Self-Portrait with Cigarette, 1880
Henri-Edmond Cross French master neo-Impressionist painter, printmaker and anarchist was born Henri-Edmond-Joseph Delacroix in Douai, a commune in the Nord département in northern France on 20th of May 1856. He had no surviving siblings. His parents were French adventurer Alcide Delacroix and an English mother Fanny Woollett.
In order to distinguish himself from the painter Eugène Delacroix, Henri changed his name in 1881, shortening and Anglicizing his birth name to "Henri Cross".

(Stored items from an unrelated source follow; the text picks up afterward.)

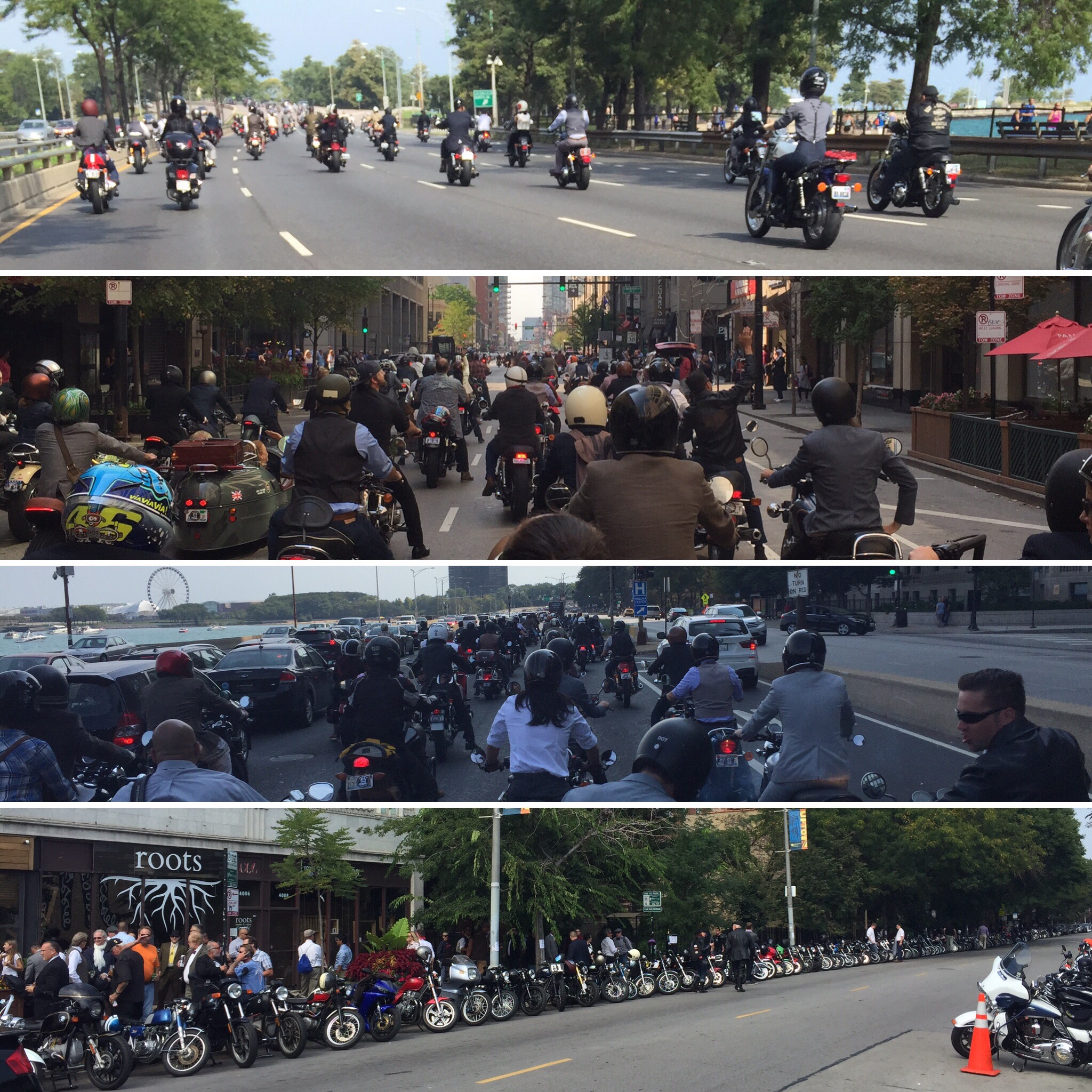 Dapper – a great turn-out for the Chicago DGR on a warm September Sunday. Lots a great bikes with riders and many pillion dressed to the nines as a convoy of over three hundred went through The Loop, along Lake Shore Drive, had a quick stop at Holiday Club and back to the Cobra Lounge. My garb was overalls, shirt and tie, black Doc Martin brogues and white socks.
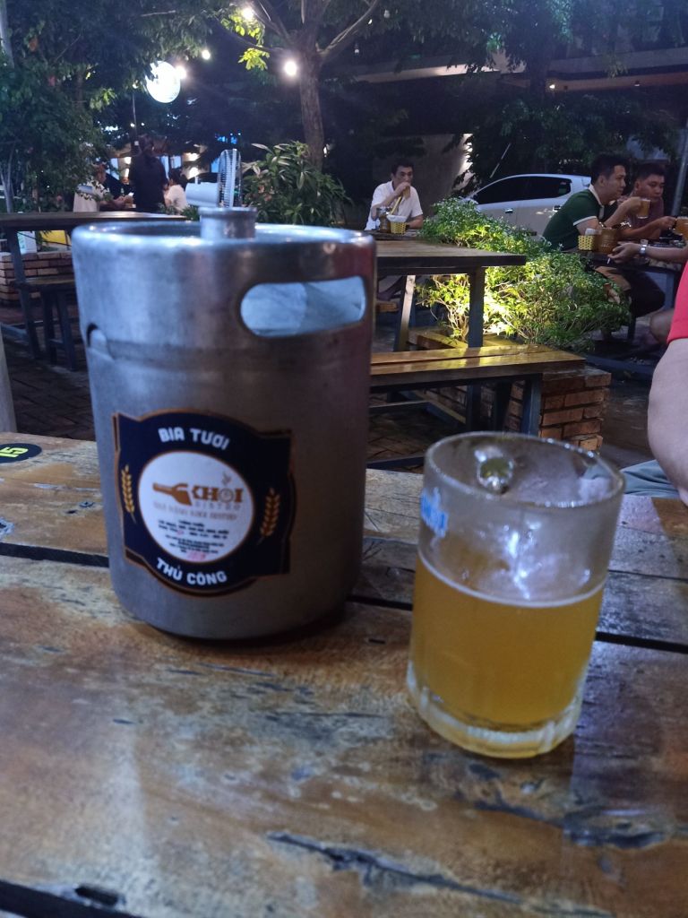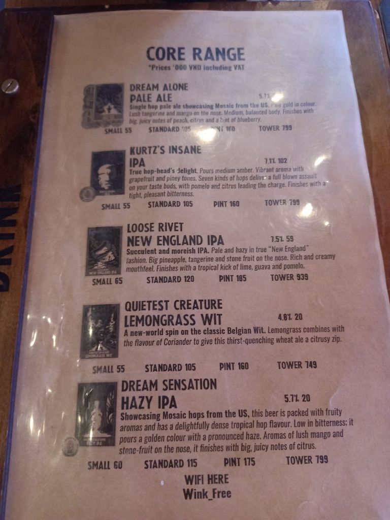There was a weather warning so we stayed in the AC room for the afternoon and I did some work while Captain Caveman played Bridge then fell asleep. I booked my flight from Istanbul for next week which included a snack, 25kg hold luggage, a specific seat and the Turkish Airlines lounge for about £80. In the evening we popped out to a Heart of Darkness beer place where I inadvertently ordered a lemongrass and coriander beer. It turned out to be really nice and we shared some salted edamame beans which I loved. For just 105,000VND (£3.25) for a pint of Belgian wheat beer in Vietnam, we decided to have another before walking to a restaurant.
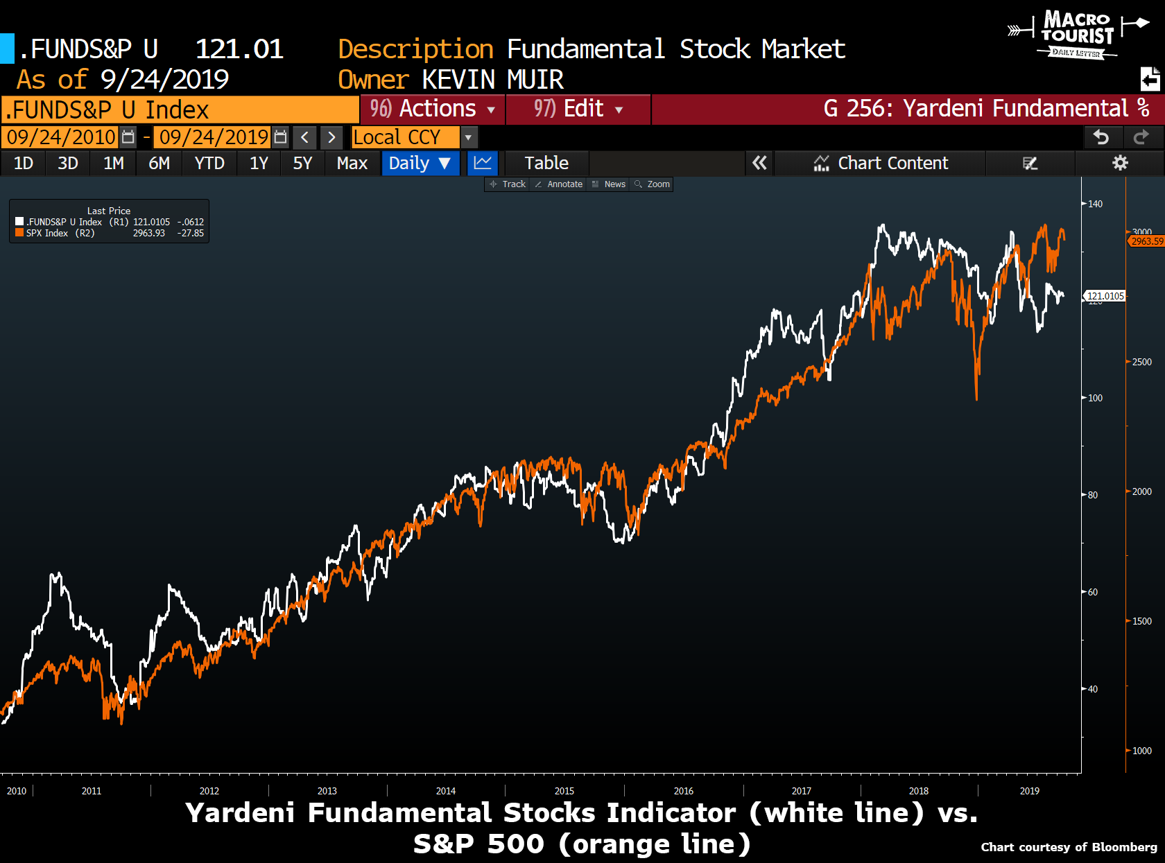 One of my favourite indicators is Ed Yardeni’s “Fundamental” Stock Indicator. I have written about it in The Best Unknown Indicator and Obi-Ed’s Magical Indicator so there is no need for me to rehash all the details. Needless to say, I have learned the hard way not to disregard this signal. When either series diverge, it seems like it’s only a matter of time before they converge again.

In 1865 the family moved near Lille, a northern French city close to the Belgian border. Alcide's cousin, Dr. Auguste Soins, recognized Henri's artistic talent and was very supportive of his artistic inclinations, even financing the boy's first drawing instructions under painter Carolus-Duran the following year. Henri was Duran's protégé for a year. His studies continued for a short time in Paris in 1875 with François Bonvin before returning to Lille. He studied at the École des Beaux-Arts and in 1878, he enrolled at the Écoles Académiques de Dessin et d'Architecture, studying for three years in the studio of Alphonse Colas. His art education continued, under fellow Douai artist Émile Dupont-Zipcy, after moving to Paris in 1881.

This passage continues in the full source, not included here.